Brian Vanderkley. Photo Submitted

AAP candidate Brian Vanderkley wants to give Albertans a voice

The Sylvan Lake News is profiling the seven candidates running for MLA in Innisfail - Sylvan Lake

Alberta Advantage Party candidate Brian Vanderkley says it is time to create an environment of growth in Alberta.

The candidate says he wants to give a voice back to the people of his riding and all of Alberta.

In particular he says he wants to see the residents of the province consulted more by the provincial government.

“People really want to be heard and they don’t want the government to dictate what they do,” Vanderkley said. “We live in a democracy and really that is what people want is they want a voice.”

He says he doesn’t see democratic processes happening in government that involve the people.

The government is supposed to do what the majority of the people want, Vanderkley says.

“When policies are being made, let’s consult the people a little more. Let’s not just force laws on to people that they don’t really want,” said Vanderkley.

In Alberta right now, Vanderkley says, there are policies in place that “stymies growth” and creativity.

He says the problems Innisfail-Sylvan Lake is facing are the same as many other constituencies across the province.

“We have really been stymied and targeted in this area, with not being able to get our oil to the coast.

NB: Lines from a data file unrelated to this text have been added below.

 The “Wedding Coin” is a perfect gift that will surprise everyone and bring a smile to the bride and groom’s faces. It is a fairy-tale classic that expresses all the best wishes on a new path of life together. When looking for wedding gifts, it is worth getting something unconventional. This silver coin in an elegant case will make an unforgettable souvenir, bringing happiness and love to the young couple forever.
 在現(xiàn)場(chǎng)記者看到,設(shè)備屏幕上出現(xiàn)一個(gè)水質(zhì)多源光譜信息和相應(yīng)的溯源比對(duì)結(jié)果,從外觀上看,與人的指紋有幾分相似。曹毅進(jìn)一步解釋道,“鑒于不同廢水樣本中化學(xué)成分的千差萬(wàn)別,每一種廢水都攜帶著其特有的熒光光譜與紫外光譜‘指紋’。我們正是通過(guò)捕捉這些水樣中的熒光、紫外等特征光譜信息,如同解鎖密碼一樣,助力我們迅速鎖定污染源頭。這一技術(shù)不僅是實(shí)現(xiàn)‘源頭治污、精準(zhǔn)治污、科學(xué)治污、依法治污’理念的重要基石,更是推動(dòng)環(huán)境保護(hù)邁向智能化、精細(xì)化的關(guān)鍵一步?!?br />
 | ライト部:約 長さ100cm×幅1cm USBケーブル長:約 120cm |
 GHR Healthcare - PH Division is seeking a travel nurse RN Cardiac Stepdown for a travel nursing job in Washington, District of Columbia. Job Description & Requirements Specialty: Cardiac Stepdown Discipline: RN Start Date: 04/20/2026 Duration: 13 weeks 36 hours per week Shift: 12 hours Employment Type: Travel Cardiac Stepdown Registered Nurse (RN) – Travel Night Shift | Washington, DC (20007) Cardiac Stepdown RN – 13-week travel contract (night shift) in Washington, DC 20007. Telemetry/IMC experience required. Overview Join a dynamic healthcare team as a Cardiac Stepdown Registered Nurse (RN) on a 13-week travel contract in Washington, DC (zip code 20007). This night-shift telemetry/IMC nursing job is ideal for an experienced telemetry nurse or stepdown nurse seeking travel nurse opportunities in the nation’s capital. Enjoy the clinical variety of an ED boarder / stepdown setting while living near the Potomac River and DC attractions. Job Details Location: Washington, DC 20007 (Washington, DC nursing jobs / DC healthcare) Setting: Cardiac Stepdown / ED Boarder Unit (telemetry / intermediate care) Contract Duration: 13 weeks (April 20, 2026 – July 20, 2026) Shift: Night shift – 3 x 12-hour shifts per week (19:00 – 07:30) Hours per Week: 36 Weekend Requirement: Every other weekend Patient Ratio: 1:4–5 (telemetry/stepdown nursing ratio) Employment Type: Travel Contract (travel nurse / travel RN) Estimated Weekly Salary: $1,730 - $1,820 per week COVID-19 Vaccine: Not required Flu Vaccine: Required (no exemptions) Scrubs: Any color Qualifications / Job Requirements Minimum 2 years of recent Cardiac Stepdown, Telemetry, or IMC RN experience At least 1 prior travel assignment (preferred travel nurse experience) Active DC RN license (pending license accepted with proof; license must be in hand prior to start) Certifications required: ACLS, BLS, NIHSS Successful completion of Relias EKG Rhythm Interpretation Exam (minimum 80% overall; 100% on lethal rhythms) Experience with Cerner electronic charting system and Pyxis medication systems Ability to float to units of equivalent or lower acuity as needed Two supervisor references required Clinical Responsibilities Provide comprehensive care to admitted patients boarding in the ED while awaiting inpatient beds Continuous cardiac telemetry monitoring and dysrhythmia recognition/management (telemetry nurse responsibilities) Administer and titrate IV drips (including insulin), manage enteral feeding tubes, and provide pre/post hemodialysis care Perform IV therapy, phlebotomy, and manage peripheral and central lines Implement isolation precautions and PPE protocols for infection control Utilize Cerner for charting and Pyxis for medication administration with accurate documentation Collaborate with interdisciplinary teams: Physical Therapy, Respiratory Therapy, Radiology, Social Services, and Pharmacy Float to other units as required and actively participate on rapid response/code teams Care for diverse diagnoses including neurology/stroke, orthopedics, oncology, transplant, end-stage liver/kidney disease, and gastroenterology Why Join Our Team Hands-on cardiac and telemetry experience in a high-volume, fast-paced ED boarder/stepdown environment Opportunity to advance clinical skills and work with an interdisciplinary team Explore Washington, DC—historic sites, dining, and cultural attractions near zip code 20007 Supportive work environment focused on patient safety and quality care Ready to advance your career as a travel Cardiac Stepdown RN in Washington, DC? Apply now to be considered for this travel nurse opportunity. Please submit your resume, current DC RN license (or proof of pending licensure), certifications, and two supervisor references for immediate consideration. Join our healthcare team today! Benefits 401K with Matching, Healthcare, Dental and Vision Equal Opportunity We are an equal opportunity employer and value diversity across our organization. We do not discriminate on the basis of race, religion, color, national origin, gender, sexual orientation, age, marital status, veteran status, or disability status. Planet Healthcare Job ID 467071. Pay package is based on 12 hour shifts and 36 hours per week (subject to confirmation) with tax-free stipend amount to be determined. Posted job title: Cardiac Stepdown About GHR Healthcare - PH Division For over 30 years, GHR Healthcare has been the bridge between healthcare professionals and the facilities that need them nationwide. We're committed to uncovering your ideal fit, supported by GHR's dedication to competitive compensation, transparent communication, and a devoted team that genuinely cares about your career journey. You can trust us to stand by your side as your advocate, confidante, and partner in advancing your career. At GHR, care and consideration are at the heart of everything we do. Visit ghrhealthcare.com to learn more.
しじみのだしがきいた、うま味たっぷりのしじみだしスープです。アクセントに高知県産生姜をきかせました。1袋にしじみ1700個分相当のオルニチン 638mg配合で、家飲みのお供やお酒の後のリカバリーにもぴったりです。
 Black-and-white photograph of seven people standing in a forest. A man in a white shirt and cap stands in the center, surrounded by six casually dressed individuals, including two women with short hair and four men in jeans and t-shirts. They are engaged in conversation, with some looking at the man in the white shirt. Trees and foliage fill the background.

It is almost like a targeted attack on us.”

To get the pipeline built, Vanderkley says there has to be a “concerted effort” by all the parties and the federal government.

Creating jobs and getting the pipeline built is important to Vanderkley, who has a background in the oil and gas industry.

He says he would also work to lower taxes, so the “Alberta people can actually survive.”

“It’s like your household finances. You have to be responsible, and make sure that everyone is fed and looked after and clothed… look after the people in need. But ultimately you have to be responsible.”

Vanderkley says to make a change and to create an “environment of growth” for the province, politicians and political parties have to have long term plans.

He says a major issue right now is that each party only has a four year plan.

“They just look at what they can do to get voted in again. We need some long term plans,” Vanderkley said, using the example of creating a rainy day fund to help when times get rough.

“We need to get a party [in power] that is going to look to the future, a long ways down the road.”